Axel turns around and shakes his fist at Farim. *"You little mouse! Behind the bars, I run this joint!"* Axel turns back towards the hallway door ignoring the others, and continues throwing the bones at the door. The halfling's skull makes the largest thump. *"Get in here goblins, get in here!"*

*"What's all the racket?"* demands Jerj. The hobgoblin steps into the hall. "Settle down or I'll knock you senseless."

"Your threats don't scare us, Jerj," says Axel. "We'll die in the mines anyway!"

Jerj glares at Axel with a menacing stare. "Have it your way. If you're all so anxious to see the salt mines, then you'll go as soon as I get back with your shackles."

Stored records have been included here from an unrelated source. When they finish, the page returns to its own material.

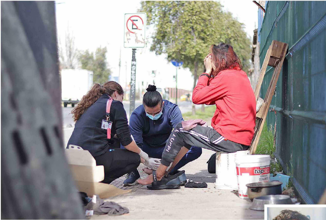
Las personas en situación de calle reciben atención médica durante el periodo de invierno.

La Seremi de Desarrollo Social y Familia en conjunto con el Servicio de Salud O'Higgins, prestarán los servicios orientados a proteger la vida y salud a las personas, producto de las condiciones climáticas durante el invierno.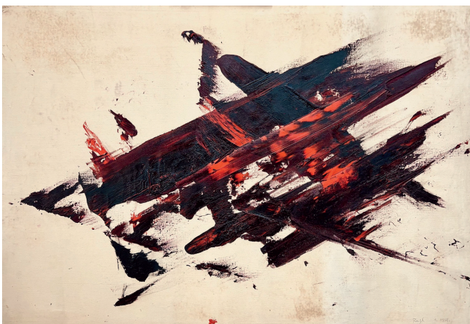
Judit Reigl, Écriture en masse , 1958, huile sur toile, 80 x 114,5 cm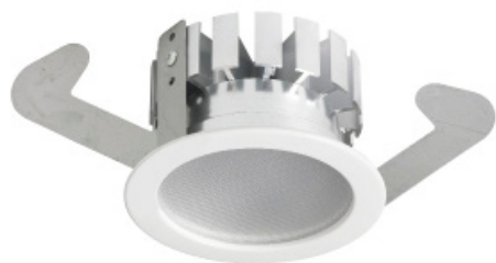
>> EVA DL Mini

EVA Optic is specialistisch ontwikkelaar van hoge kwaliteit LED oplossingen voor veeleisende omgevingen. Alle producten worden in Nederland in eigen huis ontwikkeld en geproduceerd.

Jerj ignores any protests and as soon as the hobgoblin leaves, Axel turns to you all. "Now you've done it! If we don't figure out how to escape, we're all goners!"


----------



## renau1g (Aug 27, 2008)

"Well, I guess there isn't much time left for that dice game, so I suggest that you start talking about you're plan. You know everything after all, and being the leader here, you should act like one and help us get out" Morrim suggest, hoping that by switching tactics might elicit a different response from Axel.


----------



## Walking Dad (Aug 27, 2008)

"If you can get us out there, I will you call proper dwarf and leader. If you can get my spellbook back, I will call you brother. My magics are at your command. Show us the way!" Vondal says sincerely.


----------



## Leif (Aug 27, 2008)

*Farim Rubyheart, Cleric 1, L/G, 28/28 HP*

To Axel, Farim says, "I still think you're a good-for-nothing, larcenous piece of cow dung, but since my friends seem pleased to follow you, I will also.  After all, we'll have plenty of time to kill each other after we get the hell out of here.  Lead on, Prince of Prisons!"


----------



## Graf (Aug 28, 2008)

Thromb regards Axel and the others dubiously.


----------



## The Digger (Aug 28, 2008)

Thorfin licked the last few crumbs out of his beard and stood up.  "I don't know what you're crying about Axel, it was you that brought yon hobbo back.  But since you've managed that I suppose we can go the next step and see what's out there.  We sure don't seem to be able to get outa here without they open the door so we might as well get on with it"


----------



## Chauzu (Aug 28, 2008)

Axel stands as tall as he can and puts his hands on his hip. "That's right... I'm the boss. So uh..." He ponders for a minute before thinking of something. Eventually he suggests,  "Why don't we let Jerj shackle one of us, then you guys can jump him when he's not looking? One of you is clearly a magic-user... is anybody else? The hobgoblin will probably have a few goblins assisting him. If anybody attacks them with spells, then the guys attacking Jerj can focus on him maybe."


----------



## Leif (Aug 28, 2008)

*Farim Rubyheart, Cleric 1, L/G, 28/28 HP*

Farim starts to speak and then thinks better of it.


----------



## Walking Dad (Aug 28, 2008)

"The plan isn't that bad. So, we look how they shackle Axel and start blasting away on them? And what then? How many wardens are out there? Do you know where they keep our stuff? A bit more details, please." Vondal answers quickly, trying to keep Axel in a helpful mood, they will win nothing by in-fighting.


----------



## The Digger (Aug 28, 2008)

"That was kinda my plan anyway.  I gather there were archers outside the door waiting for anything like that  so we need to get to them quickly before they decorate our naked bodies with arrows."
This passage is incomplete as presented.